WORK TASK.
Output the listing word for word, minus images.

START SOURCE MATERIAL

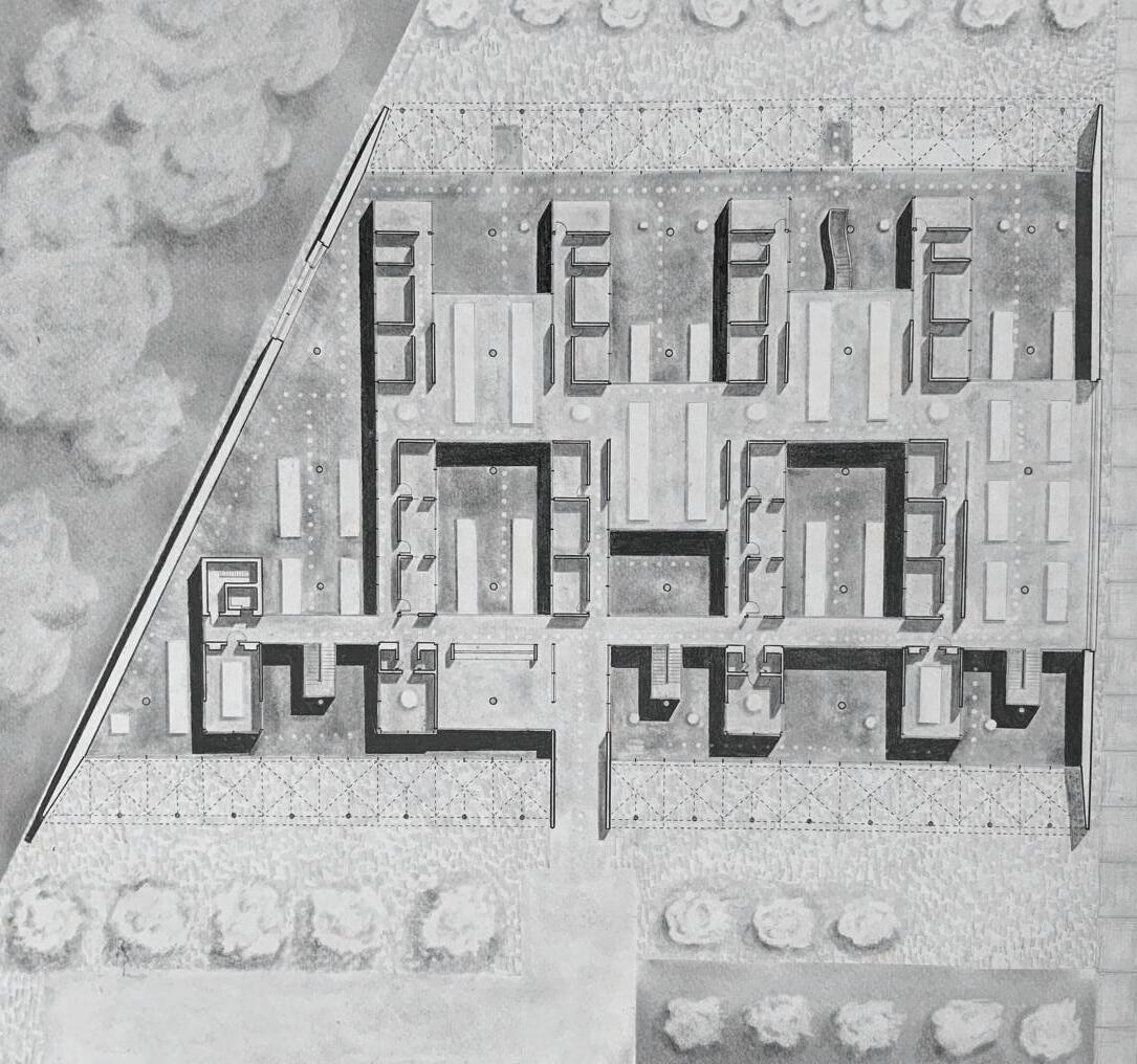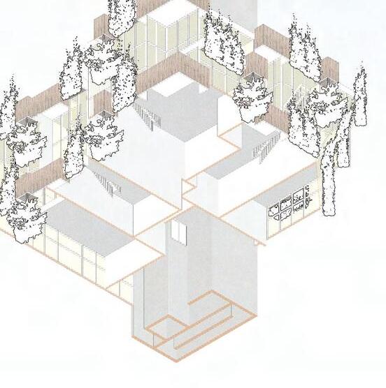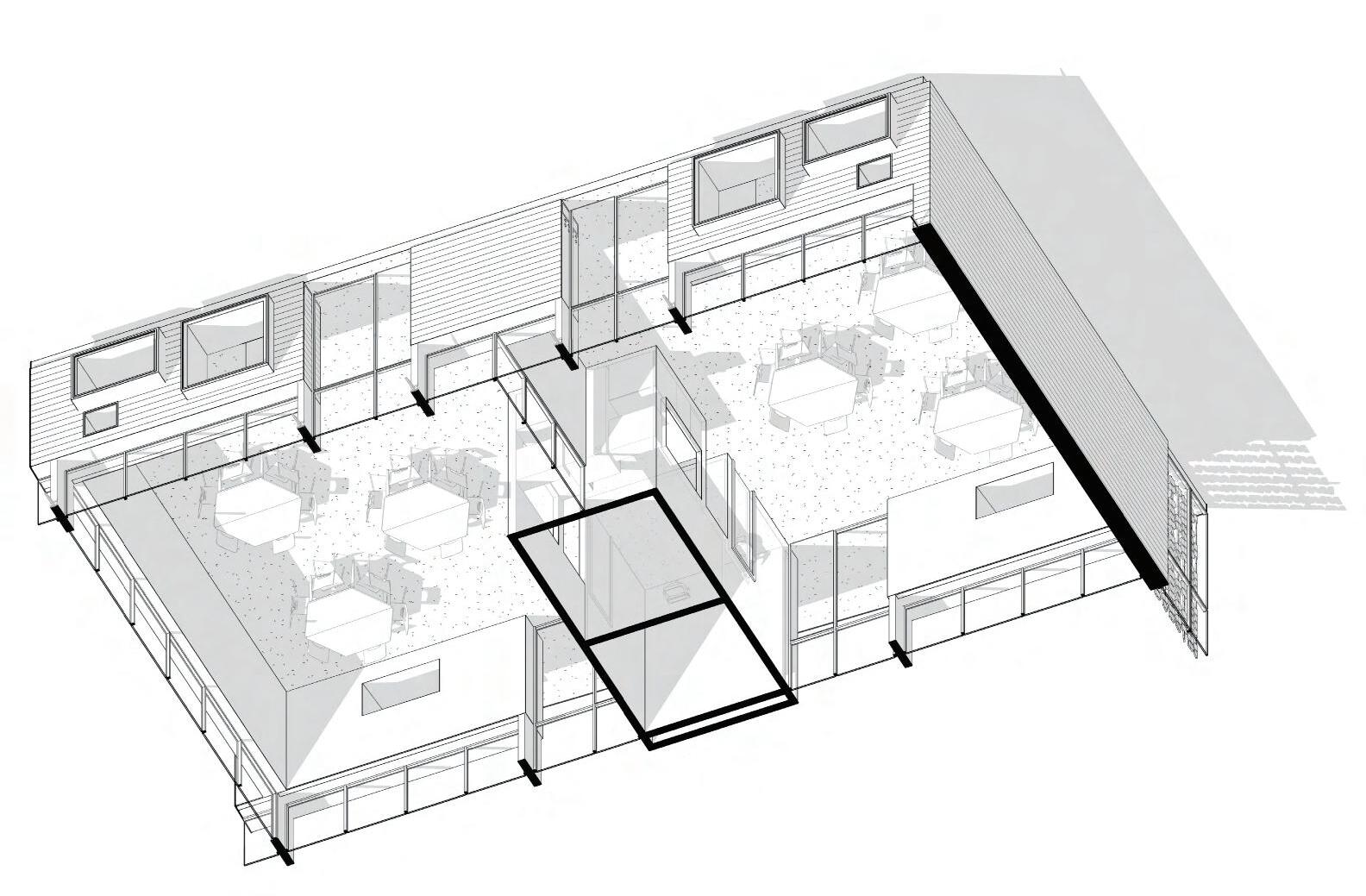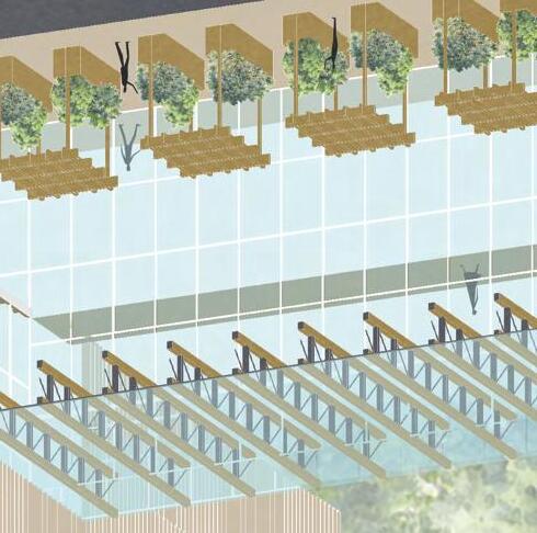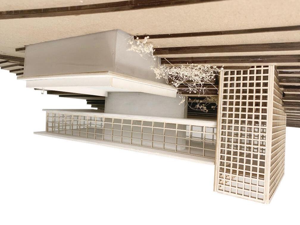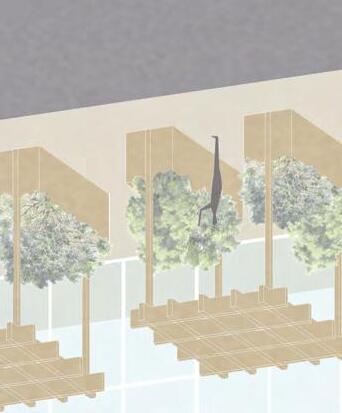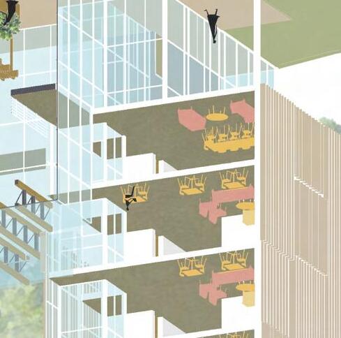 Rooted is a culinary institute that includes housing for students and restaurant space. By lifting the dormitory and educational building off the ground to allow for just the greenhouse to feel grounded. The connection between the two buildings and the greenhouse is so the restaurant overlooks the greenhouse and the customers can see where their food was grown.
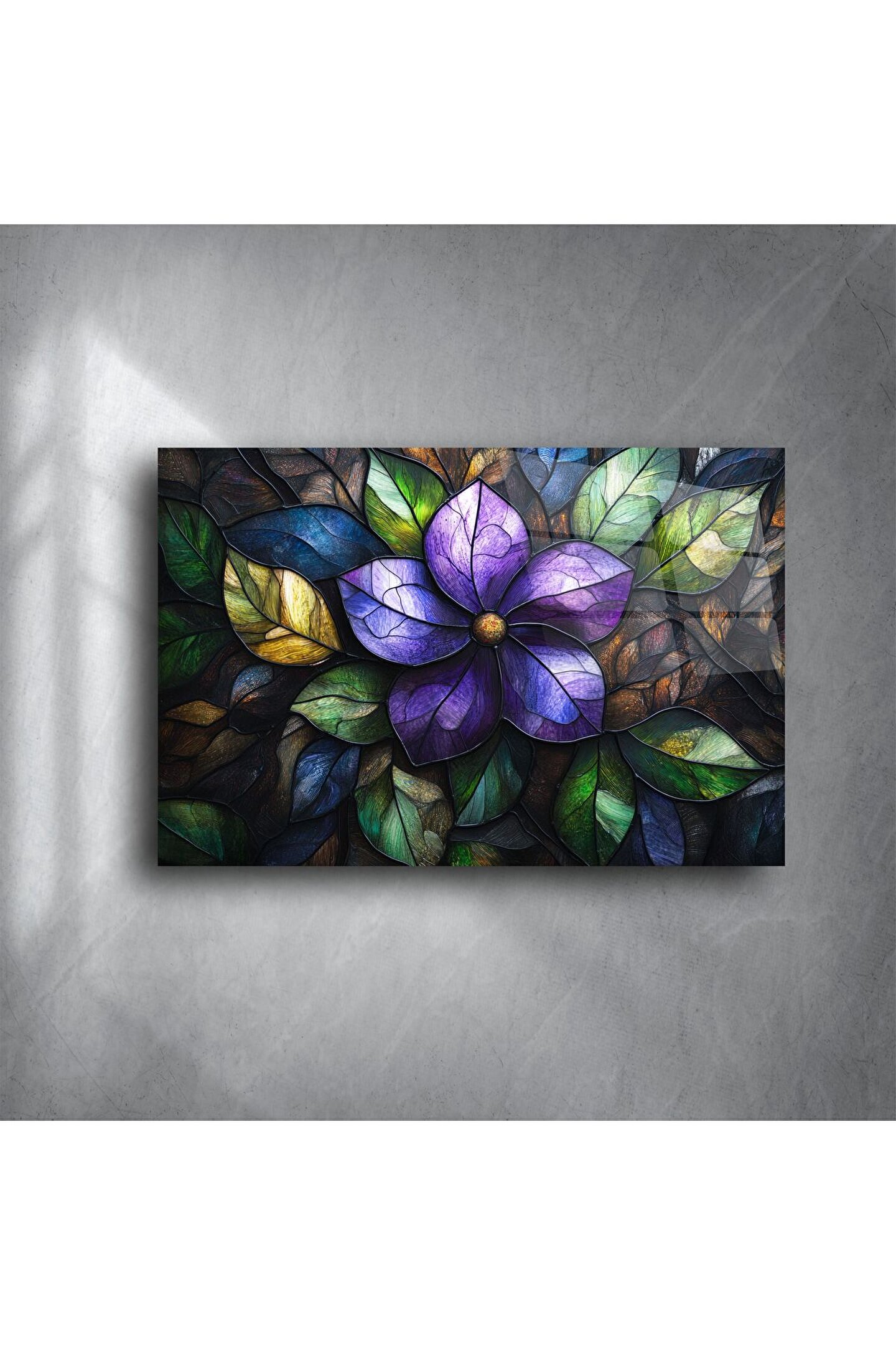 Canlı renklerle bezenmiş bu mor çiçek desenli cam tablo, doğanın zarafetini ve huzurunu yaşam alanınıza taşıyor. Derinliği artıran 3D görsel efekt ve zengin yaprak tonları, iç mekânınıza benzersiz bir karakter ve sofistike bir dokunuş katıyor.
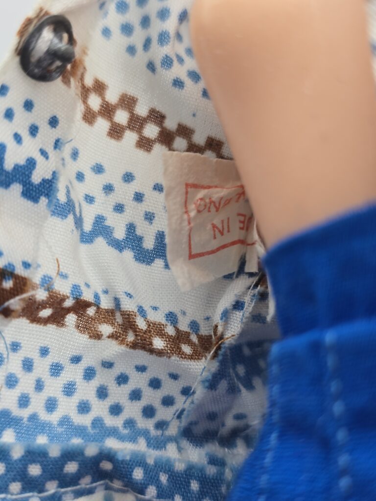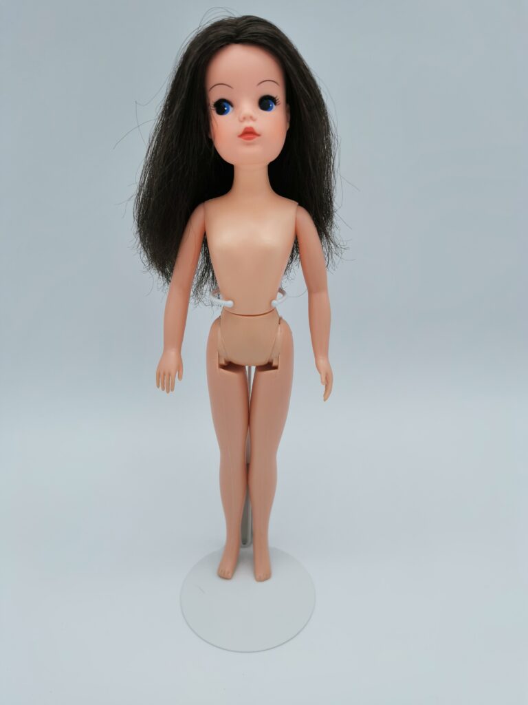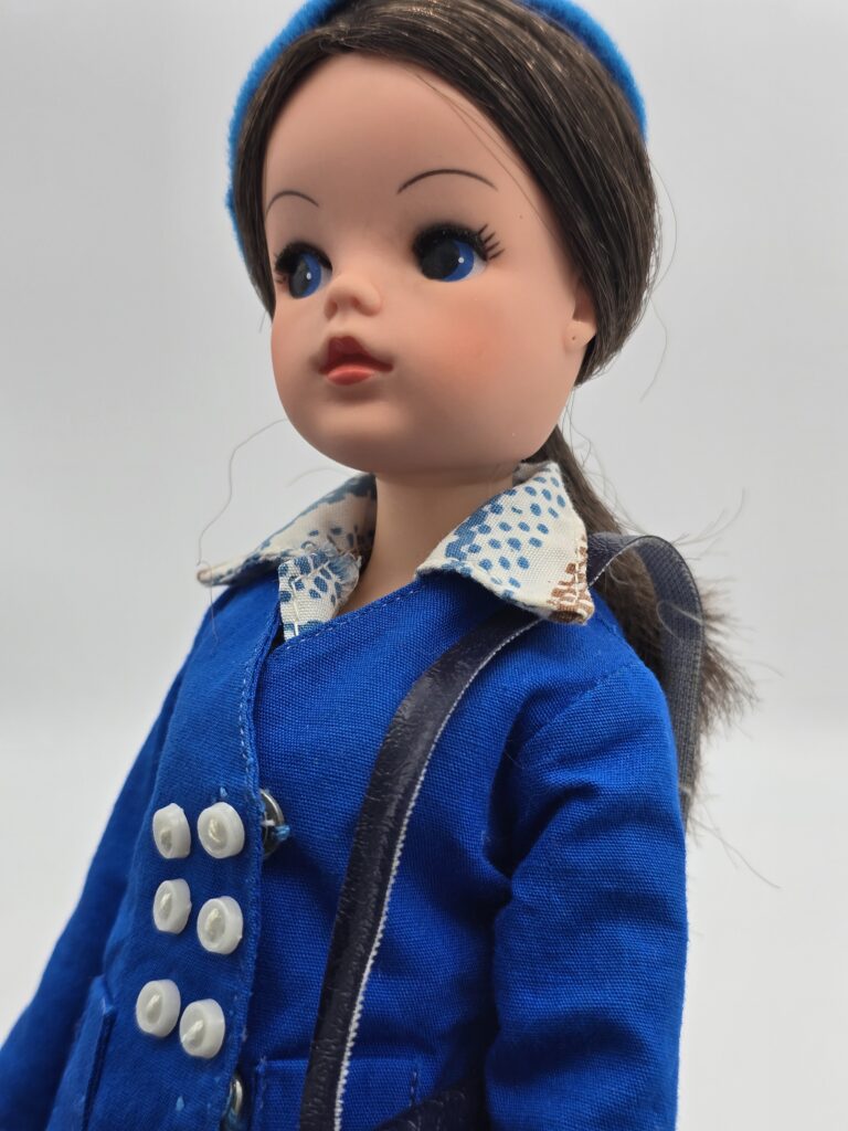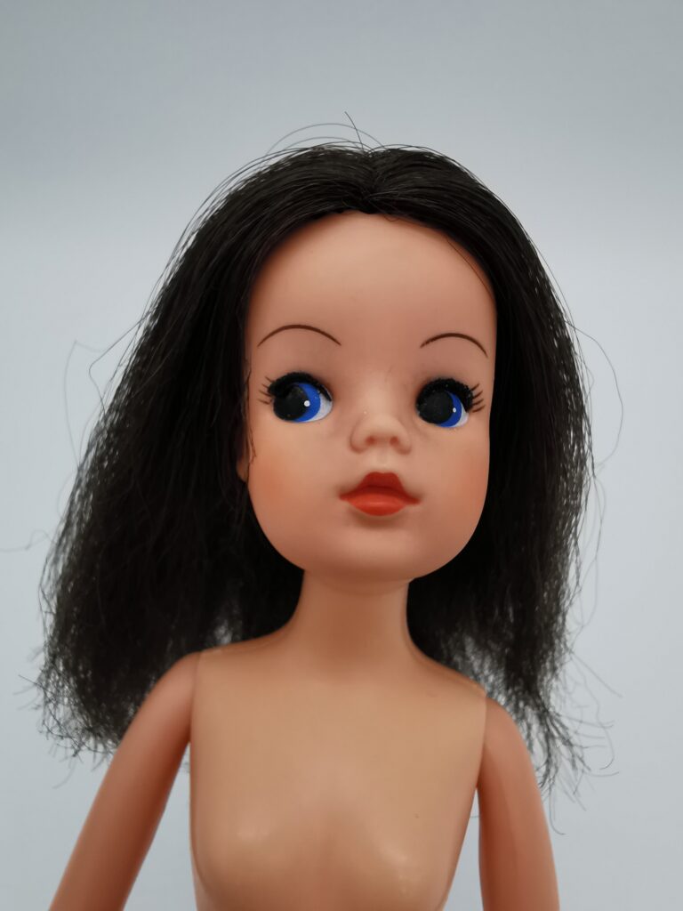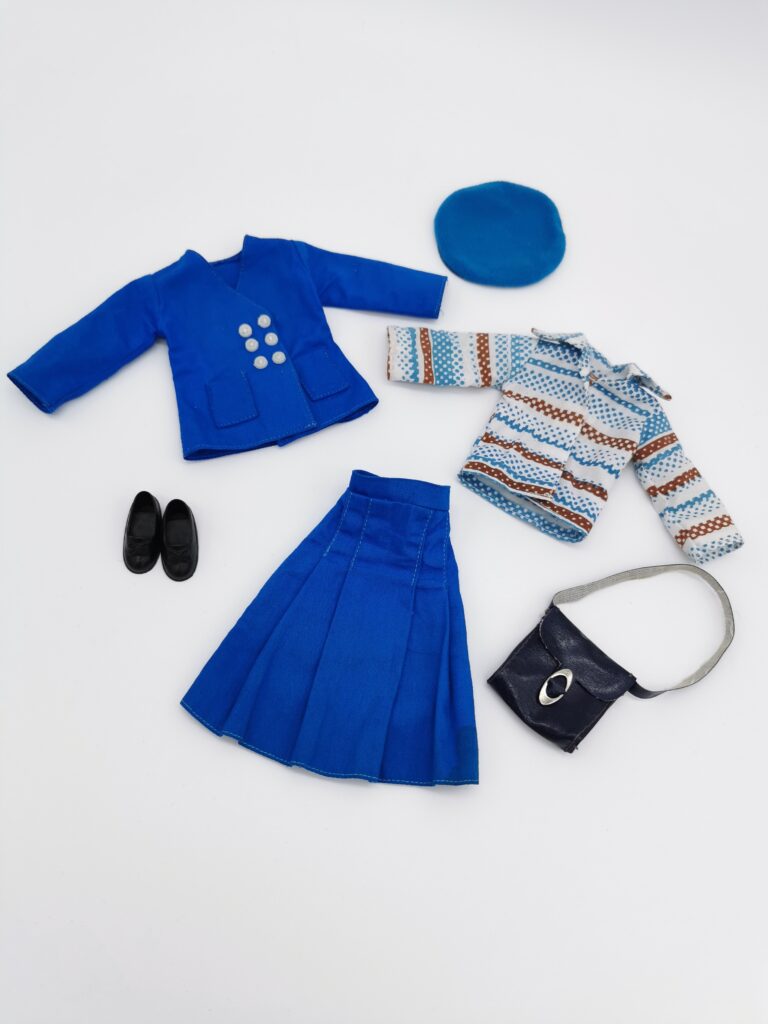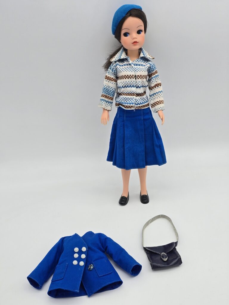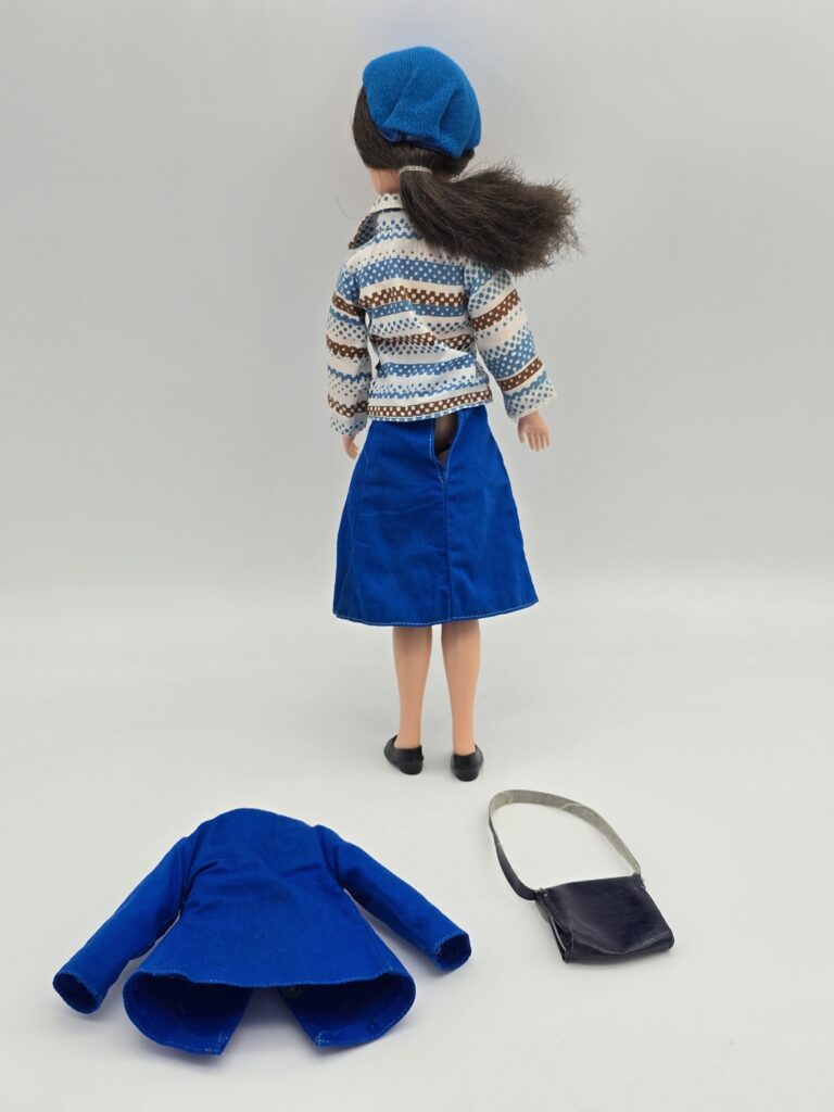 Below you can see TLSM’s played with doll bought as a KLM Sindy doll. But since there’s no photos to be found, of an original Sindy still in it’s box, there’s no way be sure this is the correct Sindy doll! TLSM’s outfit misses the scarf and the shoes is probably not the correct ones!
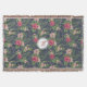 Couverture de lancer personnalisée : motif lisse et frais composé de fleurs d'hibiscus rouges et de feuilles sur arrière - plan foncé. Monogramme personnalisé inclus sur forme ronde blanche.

END SOURCE MATERIAL

WRITTEN SOLUTION.
 Rooted is a culinary institute that includes housing for students and restaurant space. By lifting the dormitory and educational building off the ground to allow for just the greenhouse to feel grounded. The connection between the two buildings and the greenhouse is so the restaurant overlooks the greenhouse and the customers can see where their food was grown.
 Canlı renklerle bezenmiş bu mor çiçek desenli cam tablo, doğanın zarafetini ve huzurunu yaşam alanınıza taşıyor. Derinliği artıran 3D görsel efekt ve zengin yaprak tonları, iç mekânınıza benzersiz bir karakter ve sofistike bir dokunuş katıyor.
 Below you can see TLSM’s played with doll bought as a KLM Sindy doll. But since there’s no photos to be found, of an original Sindy still in it’s box, there’s no way be sure this is the correct Sindy doll! TLSM’s outfit misses the scarf and the shoes is probably not the correct ones!
 Couverture de lancer personnalisée : motif lisse et frais composé de fleurs d'hibiscus rouges et de feuilles sur arrière - plan foncé. Monogramme personnalisé inclus sur forme ronde blanche.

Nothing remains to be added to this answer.